Glad you found it and that the spot treated you well. Any big ones? Any trout?


----------



## Bhilly81 (Oct 18, 2009)

yea it was a wild ride but i now have it saved on my gps for the future and they were all perch never even saw any sign of a trout anywhere and the biggest perch i caught was about 9 inches average was about 6-7


----------



## .45 (Sep 21, 2007)

good post bigboybdub i guess you drove by koosharem reservoir was there much snow at koosharem ive been thinking of heading down that way but was wondering if the parking area is open is it plowed how about the restrooms are they open to the public did you see anybody icefishing or herd anygood reports just corious to how deep the snow is how deep is the ice thanks


----------



## Bhilly81 (Oct 18, 2009)

sorry i couldnt tell you anything about koosharem i only had a limited time to fish so i had tunel vision plus i know nothing about that area and i may have seen it and had no idea im sorry i couldnt help but i am thinking of going back down that way on sat but not to sure just yet


----------



## whiteknuckler (Apr 1, 2009)

.45 said:


> good post bigboybdub i guess you drove by koosharem reservoir was there much snow at koosharem Ive been thinking of heading down that way but was wondering if the parking area is open is it plowed how about the restrooms are they open to the public did you see anybody ice fishing or herd any good reports just curious to how deep the snow is how deep is the ice thanks


There is a little bit of space to park where the road turns to go out on the dam. I don't know for certain if if the restrooms are even open or if it s practical to get to them. There has not been hardly anyone fishing there this winter. Two years ago it a huge amount of chubs in it so the res. was drained and most of the chubs went down the creek. I don't think the fishing is to good in Koosharem Res. but if you do catch one of the few Cuts left in there, I'd imagine he'd be a dandy.


----------



## mm73 (Feb 5, 2010)

bigboybdub said:


> i missed the turn off to the lake by 7 miles


He he.
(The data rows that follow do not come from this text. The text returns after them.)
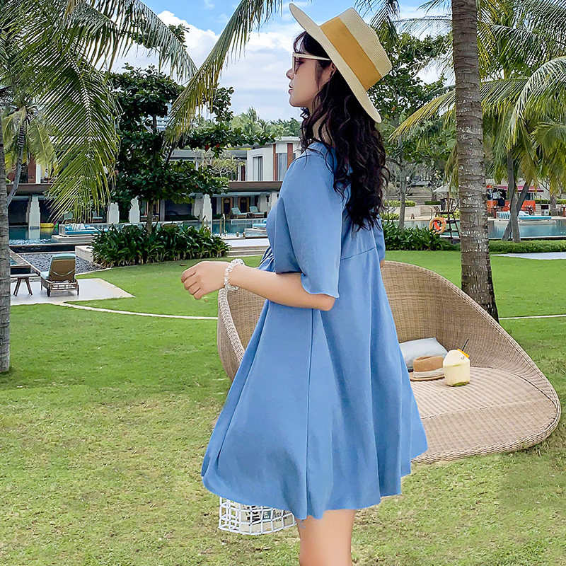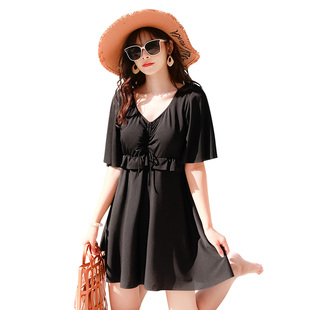 胖MM女士保守连体度假泳装 大码 泳衣女遮肉显瘦泡温泉大胸裙式
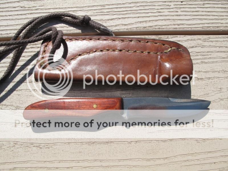 Neck knife- I do not remember the maker but bought it here at the exchange. Made from an old file.
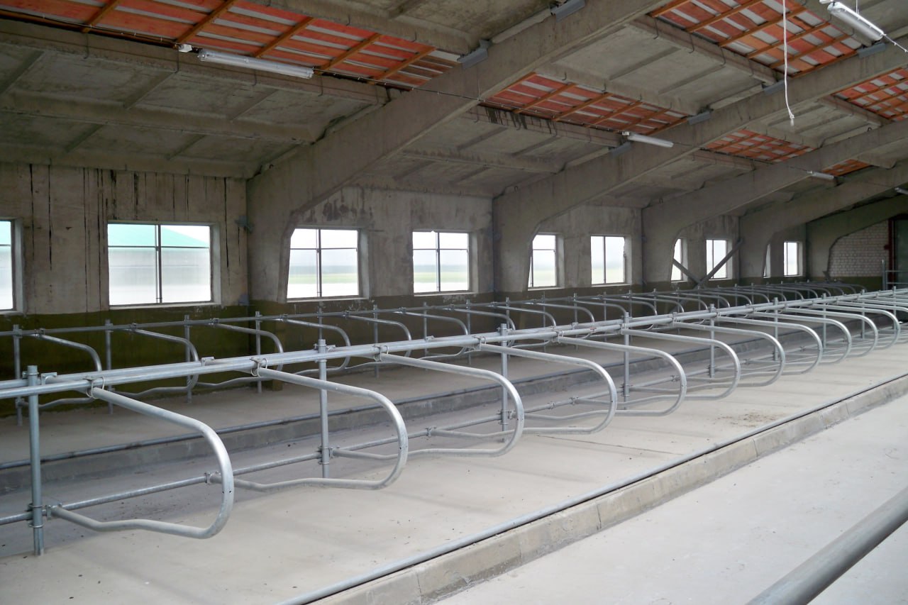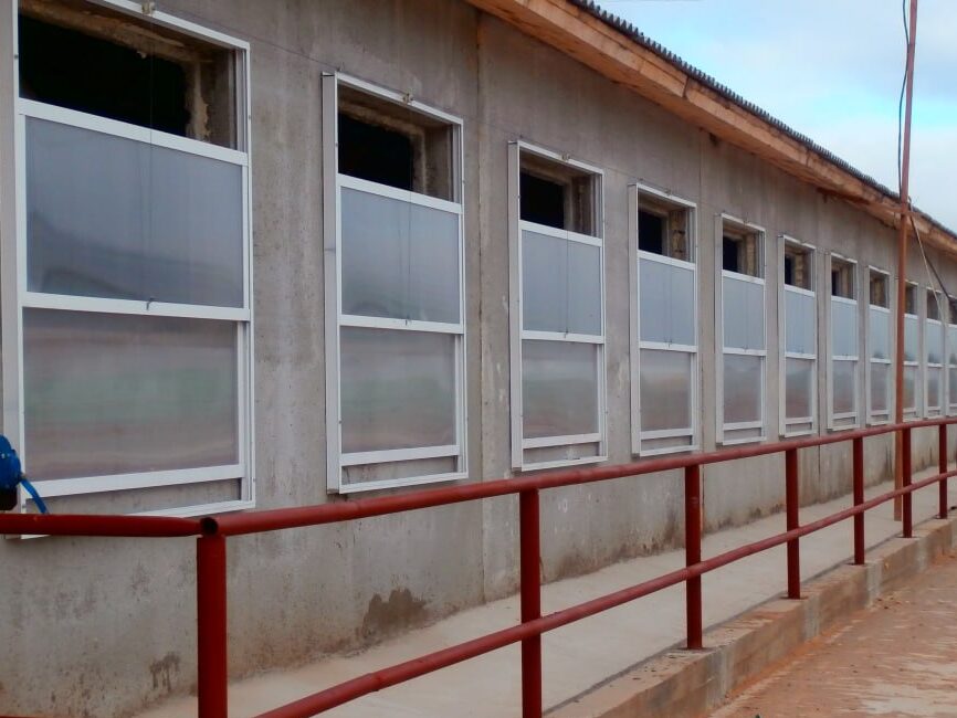 Светопрозрачные, ветрозащитные шторы с ручным приводом. Шторы оснащены крайними боксами, предотвращающими задувание ветра со стороны. Включают в себя сетку, защищающую от проникновения птиц в коровник.
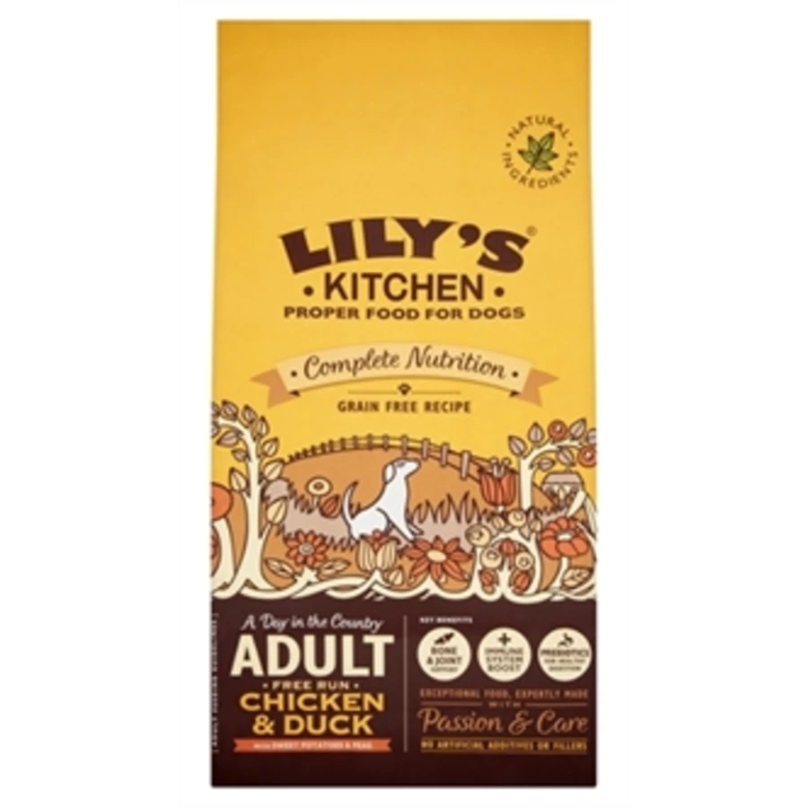 De Lily’s Kitchen Dog Adult Chicken Countryside Graanvrije, volledige diervoeding (droogvoer) voor de hond. Het bevat verse kip en eend, aangevuld met zalmolie, glucosamine en prebiotica. Met groente, fruit en kruiden, een volledig en zeer smakelijk voer voor jouw hond dus!
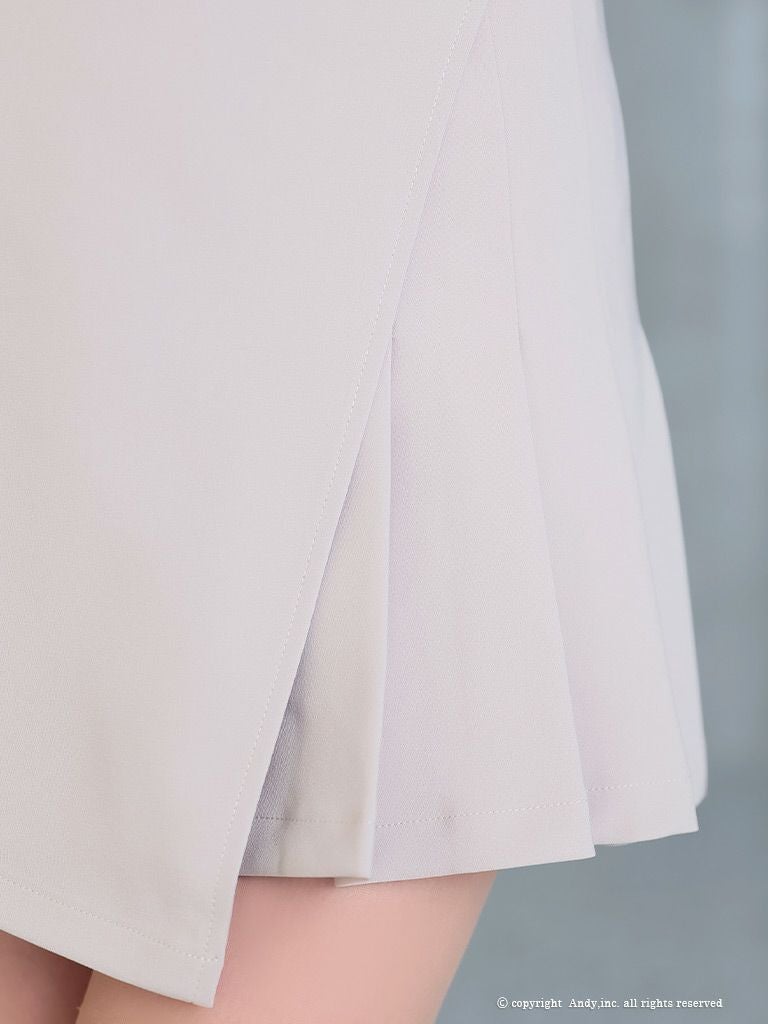 4. [Andy/アンディ] 高級 半袖 パフスリーブ セットアップ ウエストカット ワンカラー プリーツ ジップ バストカット 谷間魅せ フレアミニドレス

I *always* miss the turnoff to that lake - and I have been there a dozen times or more!


----------



## Tony (Dec 28, 2007)

Anybody know when the fishing for the toothy critters turns on down there? I'd imagine late May


----------



## Nor-tah (Dec 16, 2007)

I have never heard of anyone catching one there. I would LOVE to see a pic of a TM from Mill.


----------